The North Atlantic Treaty Organization’s 50th anniversary had been expected not only to celebrate its successful contribution to keeping the peace throughout the Cold War, but also to herald its expanded role, as Secretary of State Madeleine K. Albright said, in keeping the peace for its next 50 years. The Washington summit, on April 23-25, will display all the pomp befitting the occasion. It will reflect the enlargement of membership in Central Europe and reaffirm an open-door policy to more expansion. It will issue a new “vision statement” for the post-Cold War world.

What had not been expected was that the fireworks for the 50th would pale beside a month of NATO’s nightly bombing of Yugoslavia. Suddenly, the alliance’s new mission, blandly described by Albright at the last NATO summit in December, sounds less reassuring. She spoke of a “new and better” NATO “committed to meeting a wide range of threats to our shared interests and values,” and acting “to ensure stability, freedom and peace in and for the entire transatlantic area.” Commendable aims, but is it a realistic policy prescription?

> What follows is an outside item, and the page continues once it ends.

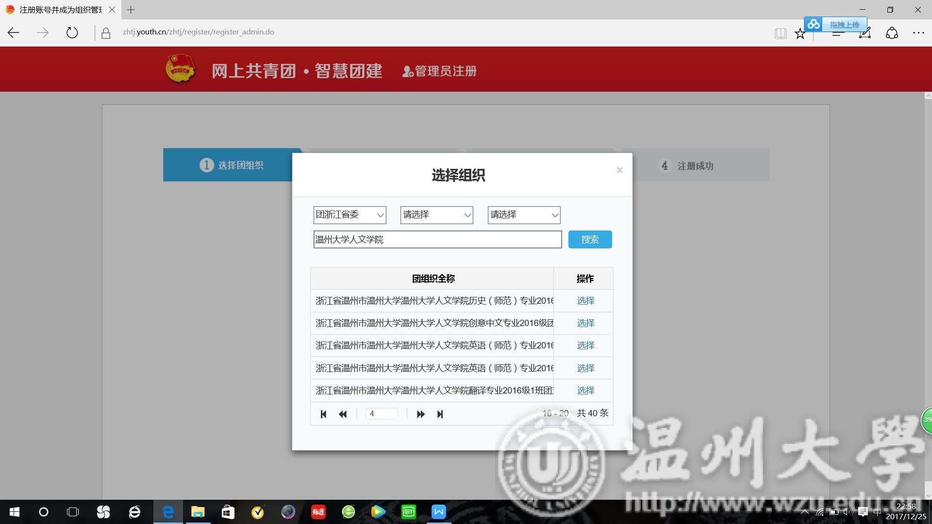 (1) 选择“团浙江省委”,输入“565net必赢客户端”,点击“搜索”。

The question is whether NATO is to remain an alliance for collective defense or be transformed into a collective security “enforcer,” initiating military action against other countries deemed to threaten “the interests and values” of member states. Before the December summit, Washington proposed an explicit statement declaring NATO’s intention to act, when “possible,” in fulfillment of a U.N. Security Council mandate. Agreement was not reached; whether such a formal statement will be made at the Washington summit is not clear. In any case, NATO has already decided to take military action against Yugoslavia without a U.N. mandate--for it could not obtain one.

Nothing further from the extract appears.